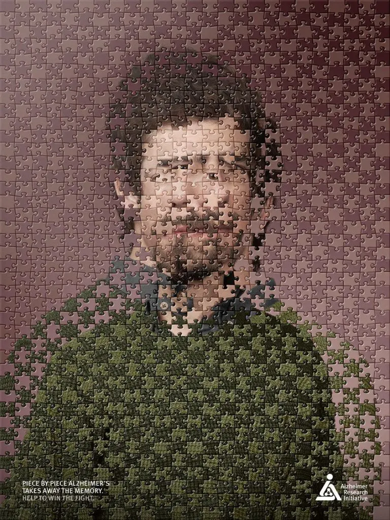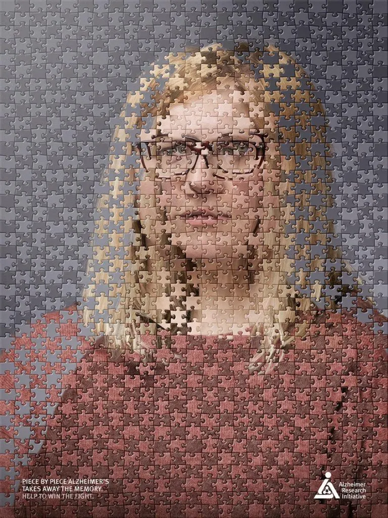Alzheimer Forschung Initiative องค์กรช่วยเหลือผู้ป่วยโรคอัลไซเมอร์ ประเทศเยอรมนี ร่วมกับ BBDO Germany จัดทำ Print Ads รณรงค์ให้สังคมเข้าใจหัวอกของผู้ป่วยโรคอัลไซเมอร์ ด้วยภาพจิ๊กซอว์ ที่สื่อให้เห็นถึงความทรงจำของผู้ป่วยที่ความทรงจำบางเรื่อง อาจไม่สามารถนำมาประติดประต่อกันได้อย่างถูกต้อง เพราะความทรงจำในบางช่วงเวลาอาจหายไป ทำให้ไม่สามารถจดจำเรื่องราวได้อย่างชัดเจน ภาพโฆษณาชิ้นนี้จึงต้องการสื่อให้สังคมเห็นอกเห็นใจผู้ป่วยโรคอัลไซเมอร์ที่ปัจจุบันมีจำนวนเพิ่มมากขึ้นเรื่อย ๆ นั่นเอง
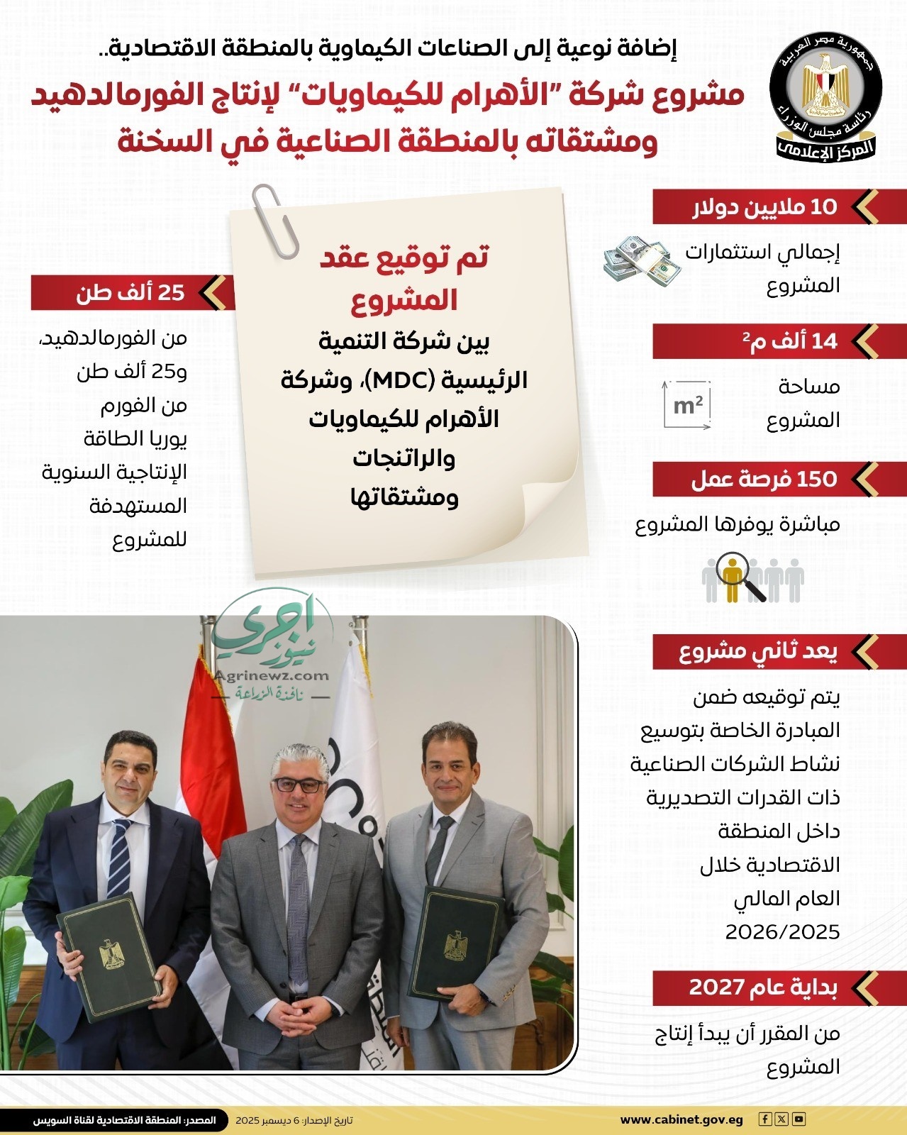 وتم الاتفاق بين شركة التنمية الرئيسية (MDC) وشركة الأهرام للكيماويات والراتنجات ومشتقاتها على تنفيذ المشروع الذي يمتد على مساحة 14 ألف متر مربع، ويوفر نحو 150 فرصة عمل مباشرة.
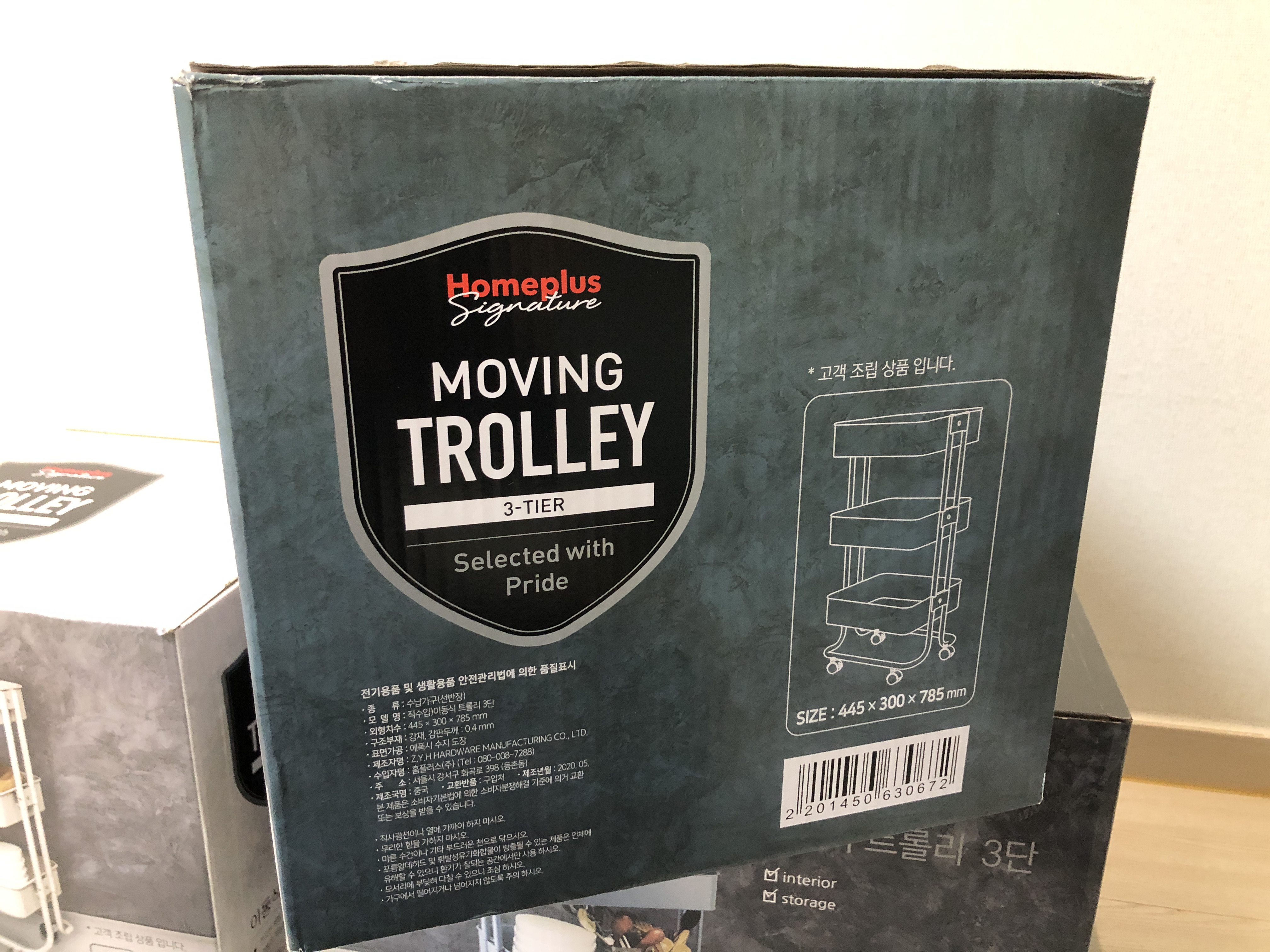 홈플러스 시그니처 이동식 트롤리 3단을 개봉한 모습

============================================================

* [WHAT YOU ARE ASKED TO DO]:
Copying starts at the line containing "وتم الاتفاق بين" and ends at the last line of the material above; repeat only those lines exactly and omit the pictures.

* [WRITTEN RESPONSE]:
 وتم الاتفاق بين شركة التنمية الرئيسية (MDC) وشركة الأهرام للكيماويات والراتنجات ومشتقاتها على تنفيذ المشروع الذي يمتد على مساحة 14 ألف متر مربع، ويوفر نحو 150 فرصة عمل مباشرة.
 홈플러스 시그니처 이동식 트롤리 3단을 개봉한 모습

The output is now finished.